During the last couple of days, my VSCode installation greeted me with a strange error message on startup:
Installed .NET SDK version 6.0.100-preview.7.21379.14 is newer than the currently supported versions. Project build will not work. Please install .NET Core SDK version 3.1 and include a global.json in the project folder specifying the SDK version to use. More Information
VSCode is currently version 1.62.2 (it auto-updated today), and the extension version data is:
– Released on: 28.10.2021, 00:30:16
– Last updated: 28.10.2021, 00:32:34
– Identifier: ms-mssql.sql-database-projects-vscode
The More Information link points to the page Select the .NET version to use and does not seem to apply to installed VSCode extensions.
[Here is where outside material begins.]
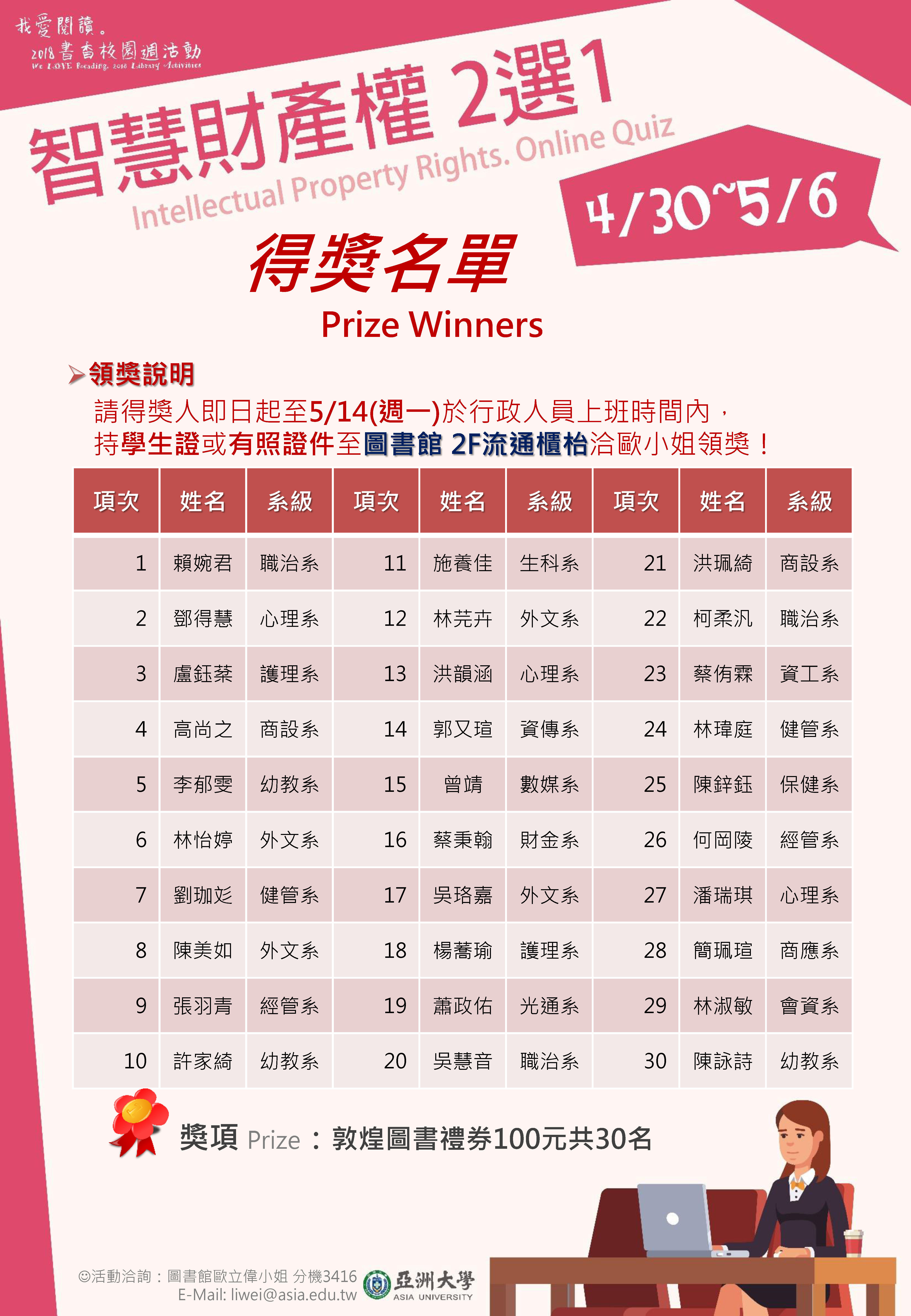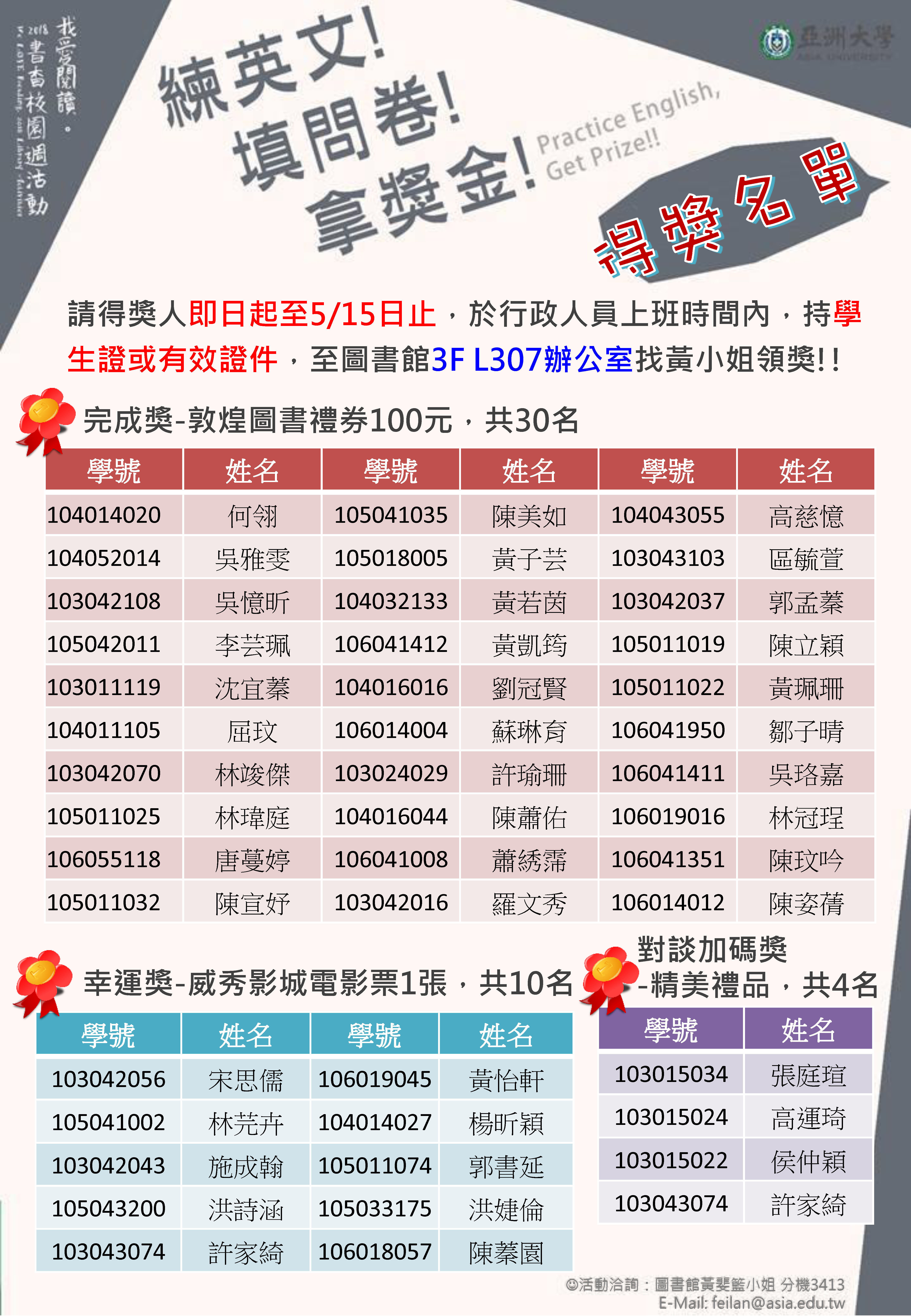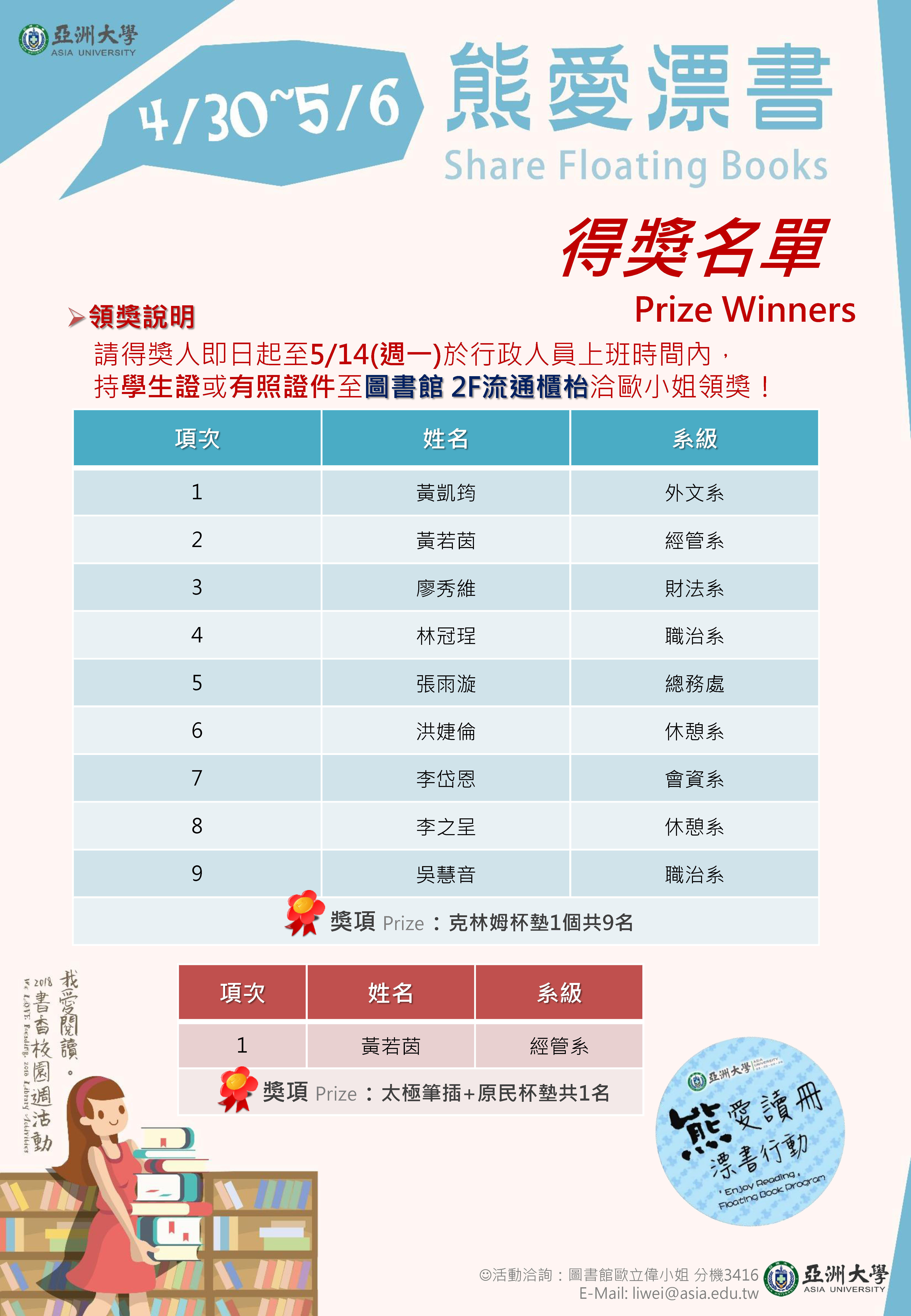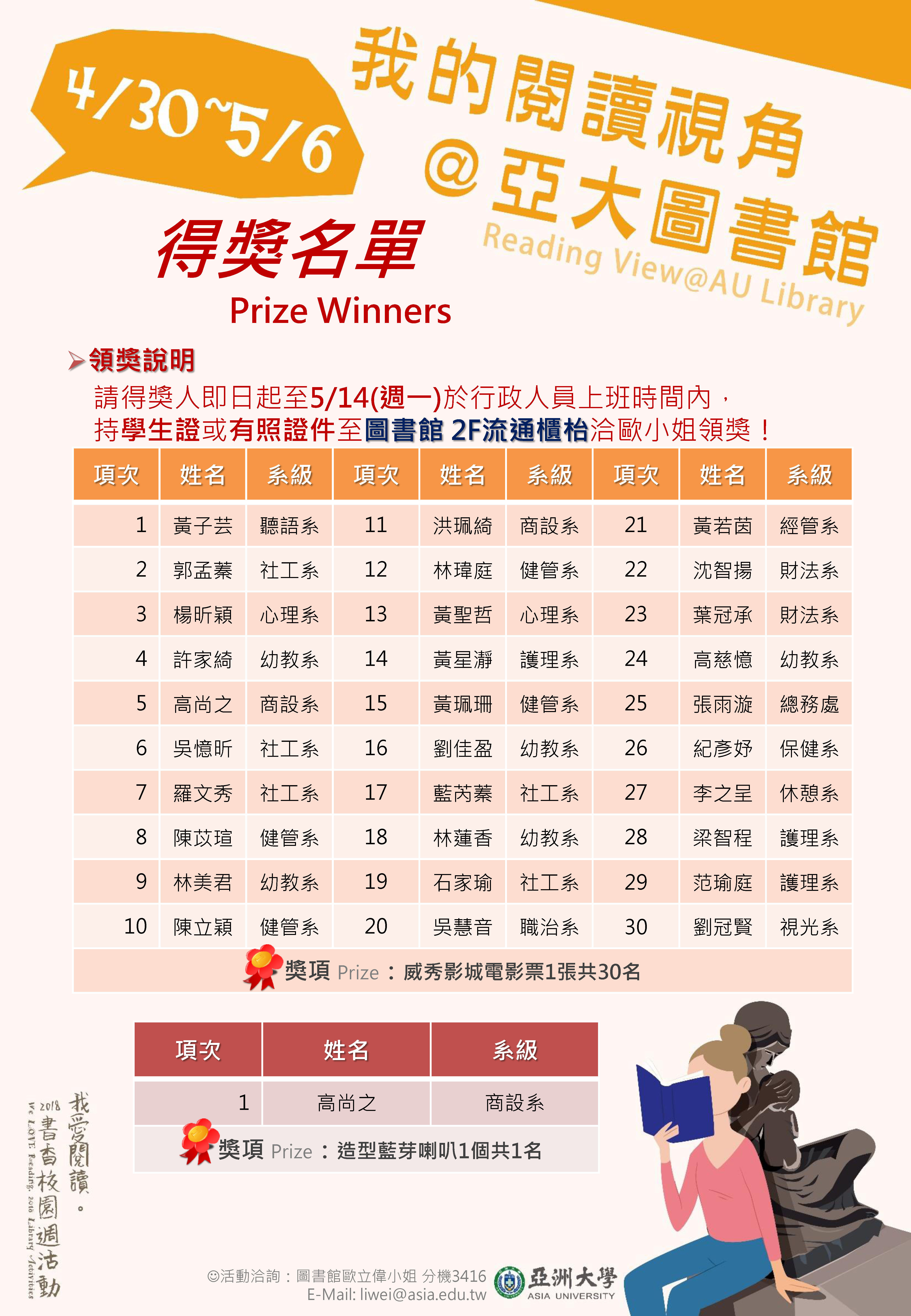 2018書香校園週系列活動得獎名單出爐~名單上的大家,趕快來開心領獎喔!

After a bit of digging, I found a couple of GitHub issues in the azuredatastudio project, which the SQL Database Projects extension is part of.
Issue 16766 deals with the behavior I noticed: SQL projects don’t build when active dotnet version is 6.0 preview
and confirmed by one comment:
Unfortunately, this affects Visual Studio Code as well. Annoyingly, the warning pops up even if no database project is loaded.
I tried changing the extension settings “Sql Database Projects: Net Core SDKLocation” (Full path to .NET Core SDK on the machine) but this did not get rid of the error message.
So I navigated to the install location of the VSCode extension, which can be found under%userprofile%\.vscode\extensions\ms-mssql.sql-database-projects-vscode-0.13.0
(adjust version number) and tried to figure out how the error message is raised.
It turns out that the extension does not specifically query for the required dotnet version, but rather issues a “dotnet –version”, which returns the highest installed version number:
> dotnet --version 6.0.100-preview.7.21379.14
This version number is checked against the hard-coded upper limit of
t.maxSupportedNetCoreVersionCutoff = "6.0.0";
So I opened the file extension.js and tried to change this value to a SemVer higher than “6.0.100”, such as “7.0.0”, and restarted VSCode. And … the error message was gone!
Ok, so the extension was enabled, and VSCode does not throw an error when it did before, but would the extension still actually work?
So I created a new SQL Database project by Ctrl+Shift+P and selecting “Database Projects: Create Project From Database”, subsequently entering all the connection string data to connect to a database, which resulted in a .sqlproj file and generated CREATE TABLE
statements in one .sql file per table.